INSTRUCTIONS FOR THE TASK: Exact repetition of a range: find the line containing "Op deze verjaardag" and the line containing "За десять месяцев" in the material below, then repeat both and all lines between them, leaving pictures out.

GIVEN RECORDS:
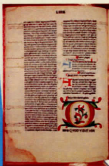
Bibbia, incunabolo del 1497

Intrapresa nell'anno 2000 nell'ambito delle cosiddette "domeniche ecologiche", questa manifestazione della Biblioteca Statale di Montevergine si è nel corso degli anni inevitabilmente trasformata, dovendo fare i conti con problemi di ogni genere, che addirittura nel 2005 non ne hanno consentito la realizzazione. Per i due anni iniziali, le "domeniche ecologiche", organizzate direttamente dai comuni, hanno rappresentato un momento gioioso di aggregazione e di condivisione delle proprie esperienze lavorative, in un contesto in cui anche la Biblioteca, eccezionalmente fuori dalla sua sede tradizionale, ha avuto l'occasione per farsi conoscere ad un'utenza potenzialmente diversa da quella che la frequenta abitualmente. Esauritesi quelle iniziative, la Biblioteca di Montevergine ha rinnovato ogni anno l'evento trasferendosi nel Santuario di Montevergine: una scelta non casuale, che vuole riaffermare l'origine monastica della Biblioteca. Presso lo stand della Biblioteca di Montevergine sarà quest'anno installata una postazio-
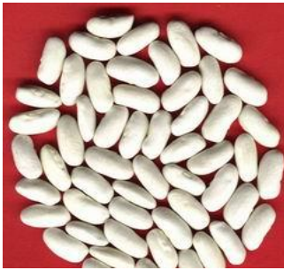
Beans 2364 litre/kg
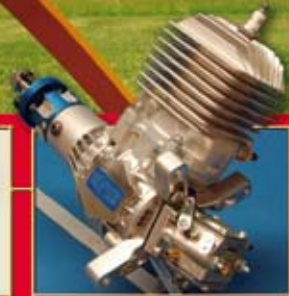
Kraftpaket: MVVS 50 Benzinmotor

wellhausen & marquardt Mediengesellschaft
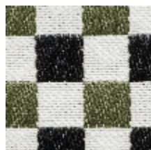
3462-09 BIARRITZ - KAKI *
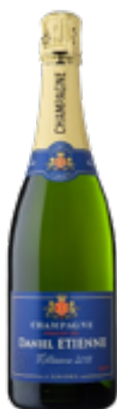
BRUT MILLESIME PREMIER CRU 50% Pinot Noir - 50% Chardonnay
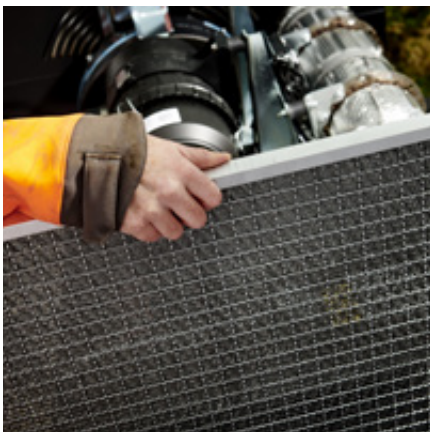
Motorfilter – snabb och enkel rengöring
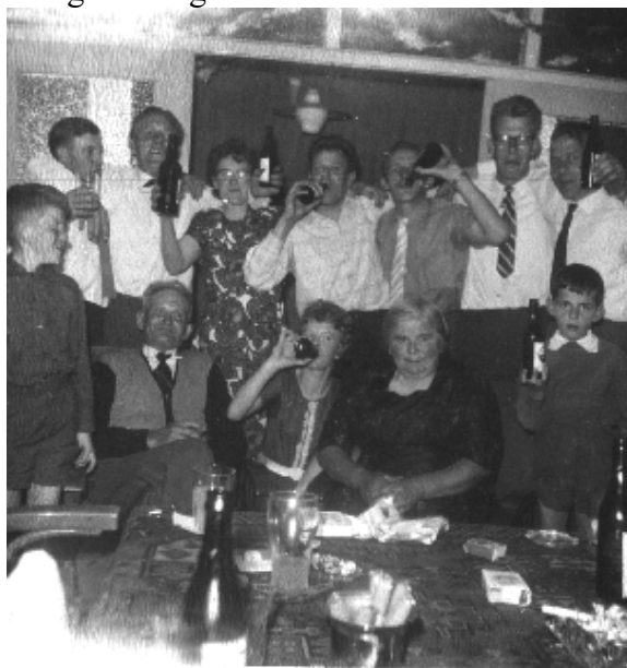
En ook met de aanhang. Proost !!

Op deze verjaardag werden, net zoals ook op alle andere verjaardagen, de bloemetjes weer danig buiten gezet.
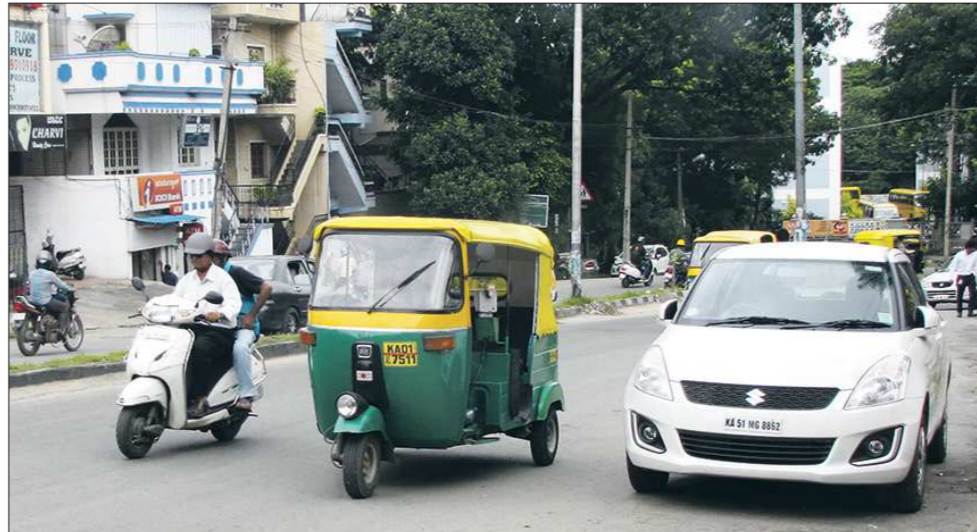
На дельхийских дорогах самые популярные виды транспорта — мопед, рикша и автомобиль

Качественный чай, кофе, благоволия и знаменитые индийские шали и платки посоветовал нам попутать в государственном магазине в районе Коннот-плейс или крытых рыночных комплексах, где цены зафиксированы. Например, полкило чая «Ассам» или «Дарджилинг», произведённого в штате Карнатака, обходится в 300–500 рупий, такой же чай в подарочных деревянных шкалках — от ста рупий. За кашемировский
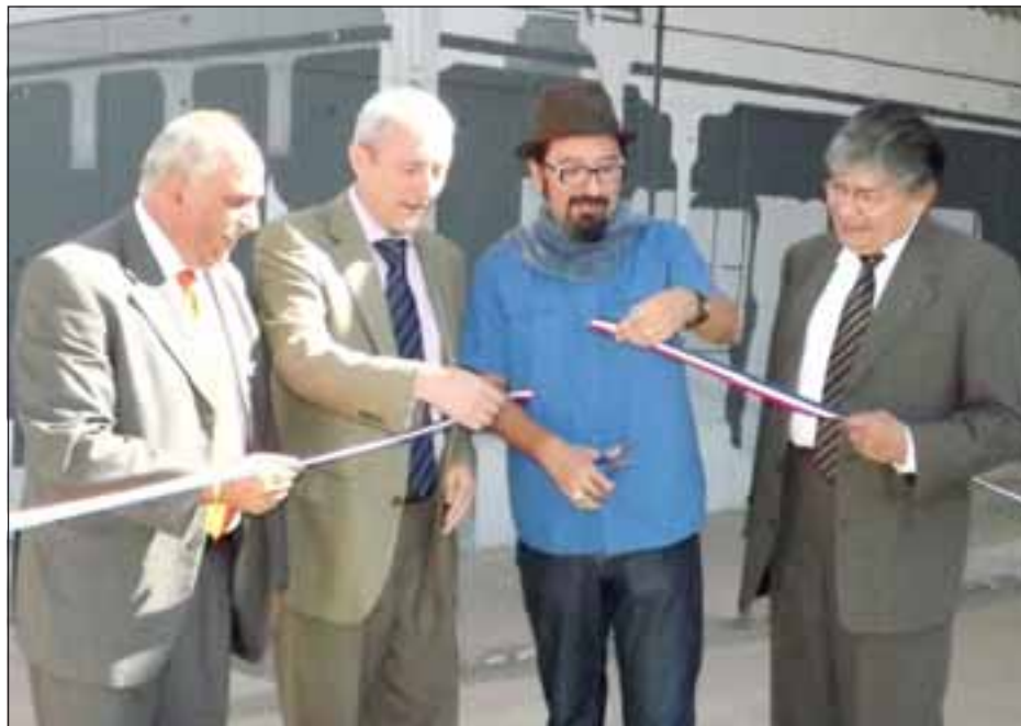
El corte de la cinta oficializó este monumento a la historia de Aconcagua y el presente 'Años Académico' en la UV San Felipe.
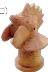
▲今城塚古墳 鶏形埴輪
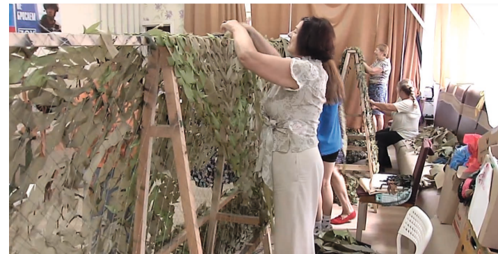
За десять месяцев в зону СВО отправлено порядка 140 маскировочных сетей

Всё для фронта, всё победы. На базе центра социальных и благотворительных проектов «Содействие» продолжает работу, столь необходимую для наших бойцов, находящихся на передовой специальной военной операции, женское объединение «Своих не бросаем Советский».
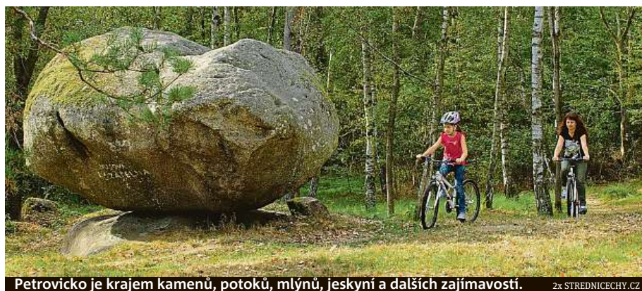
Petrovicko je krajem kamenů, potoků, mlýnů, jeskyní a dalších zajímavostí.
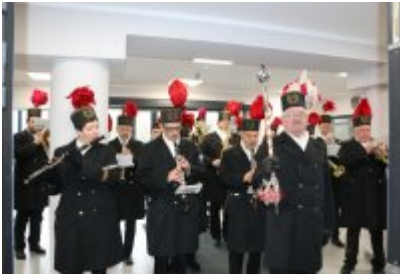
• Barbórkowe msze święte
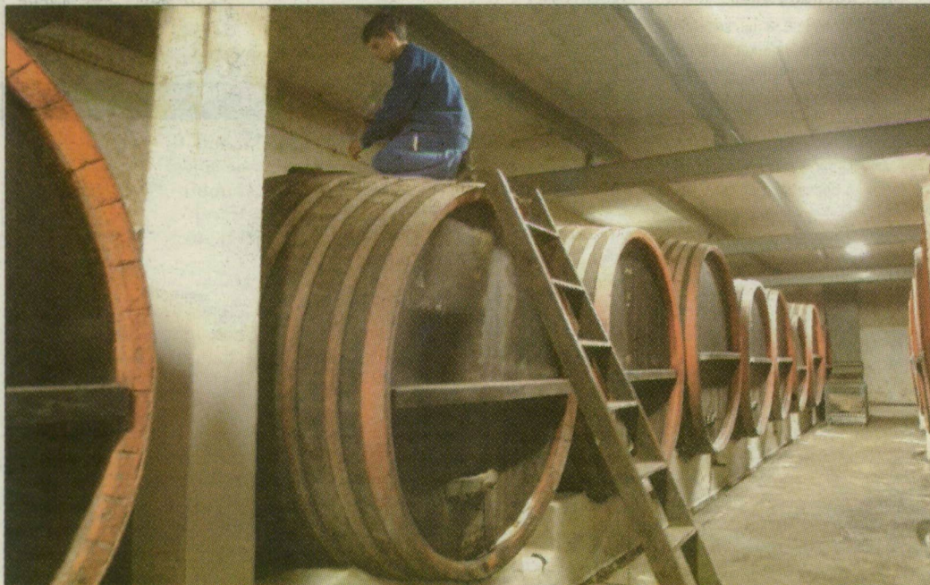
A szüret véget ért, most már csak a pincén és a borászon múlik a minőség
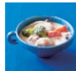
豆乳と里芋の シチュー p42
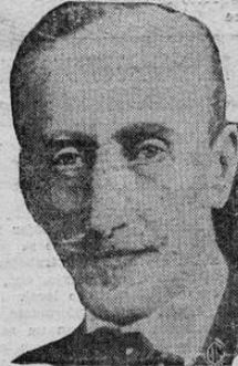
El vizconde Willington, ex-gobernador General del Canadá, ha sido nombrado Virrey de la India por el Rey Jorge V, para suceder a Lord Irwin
* * *
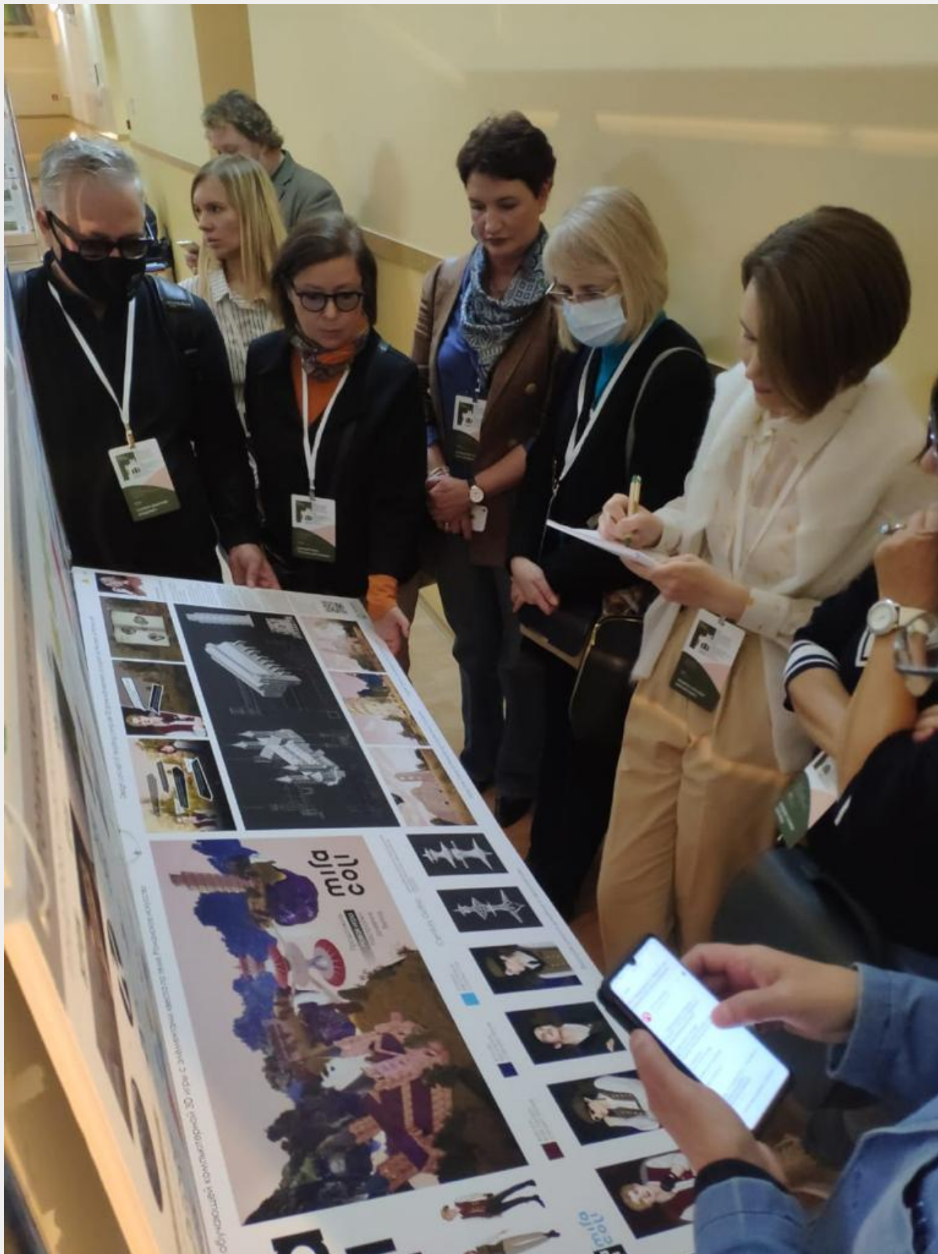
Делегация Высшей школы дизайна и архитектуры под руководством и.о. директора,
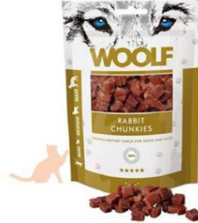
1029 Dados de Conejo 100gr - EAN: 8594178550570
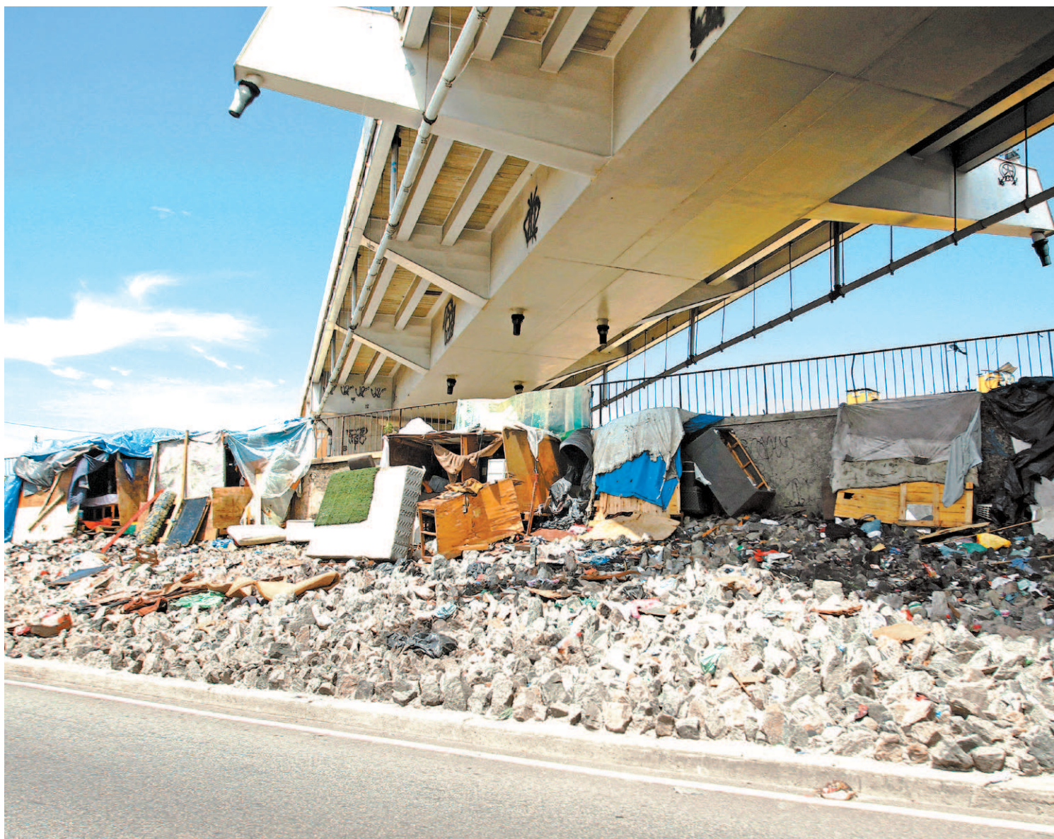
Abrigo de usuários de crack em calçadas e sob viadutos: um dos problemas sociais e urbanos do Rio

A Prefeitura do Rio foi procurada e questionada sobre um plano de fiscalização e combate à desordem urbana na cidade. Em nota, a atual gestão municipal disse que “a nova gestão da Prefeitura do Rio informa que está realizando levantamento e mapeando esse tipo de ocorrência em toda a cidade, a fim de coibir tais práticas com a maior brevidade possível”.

RESPONSE BOX:
Op deze verjaardag werden, net zoals ook op alle andere verjaardagen, de bloemetjes weer danig buiten gezet.
На дельхийских дорогах самые популярные виды транспорта — мопед, рикша и автомобиль

Качественный чай, кофе, благоволия и знаменитые индийские шали и платки посоветовал нам попутать в государственном магазине в районе Коннот-плейс или крытых рыночных комплексах, где цены зафиксированы. Например, полкило чая «Ассам» или «Дарджилинг», произведённого в штате Карнатака, обходится в 300–500 рупий, такой же чай в подарочных деревянных шкалках — от ста рупий. За кашемировский
El corte de la cinta oficializó este monumento a la historia de Aconcagua y el presente 'Años Académico' en la UV San Felipe.
▲今城塚古墳 鶏形埴輪
За десять месяцев в зону СВО отправлено порядка 140 маскировочных сетей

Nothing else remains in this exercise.